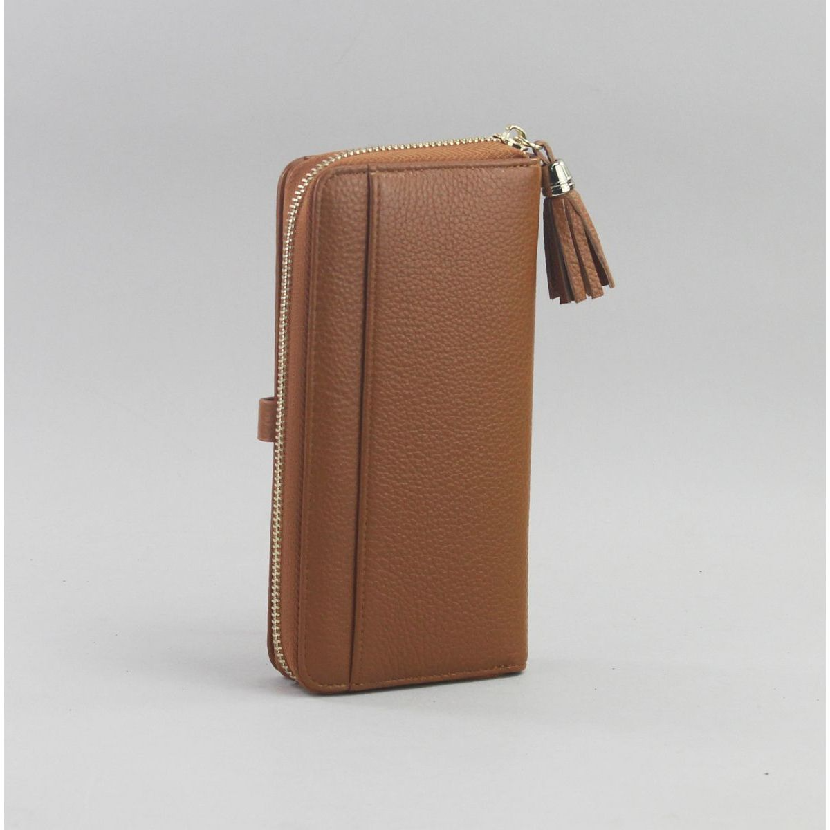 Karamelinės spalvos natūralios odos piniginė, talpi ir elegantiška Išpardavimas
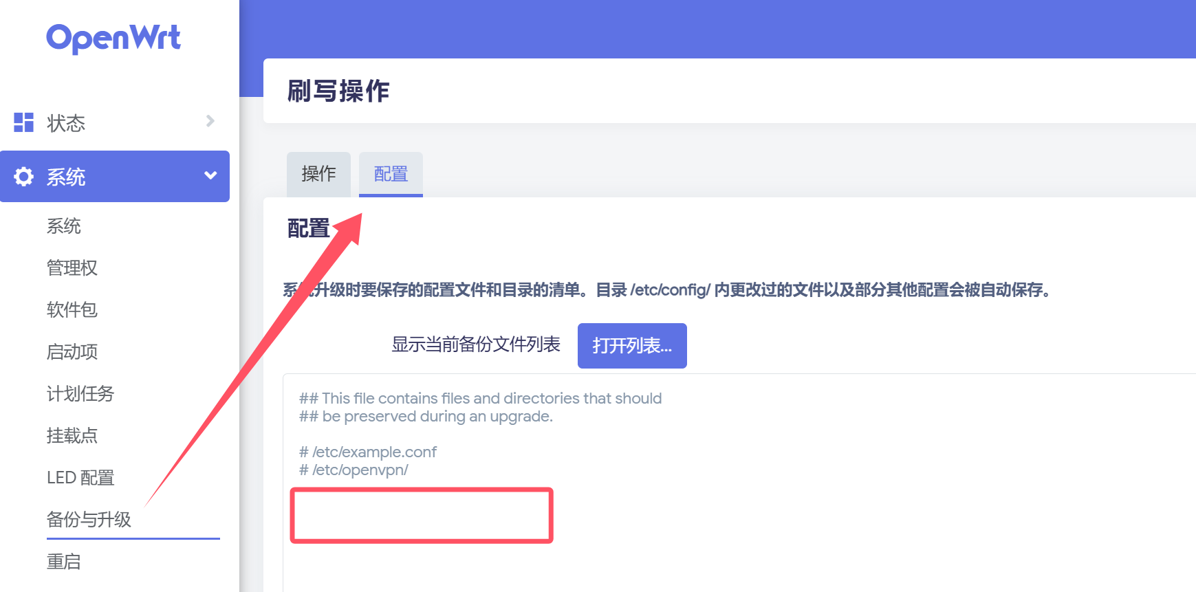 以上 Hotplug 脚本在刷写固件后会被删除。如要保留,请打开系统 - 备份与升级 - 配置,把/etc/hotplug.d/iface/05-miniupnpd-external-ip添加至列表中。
* * *
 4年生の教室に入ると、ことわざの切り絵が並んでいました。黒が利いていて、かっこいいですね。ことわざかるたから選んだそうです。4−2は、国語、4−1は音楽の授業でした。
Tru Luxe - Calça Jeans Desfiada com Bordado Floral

Problem details:
Respond with the exact lines above running from the one containing "Karamelinės spalvos natūralios" to the one containing "以上 Hotplug 脚本在刷写固件后会被删除。如要保留,请打开系统", both ends kept and no pictures included.

Answer to the exercise:
 Karamelinės spalvos natūralios odos piniginė, talpi ir elegantiška Išpardavimas
 以上 Hotplug 脚本在刷写固件后会被删除。如要保留,请打开系统 - 备份与升级 - 配置,把/etc/hotplug.d/iface/05-miniupnpd-external-ip添加至列表中。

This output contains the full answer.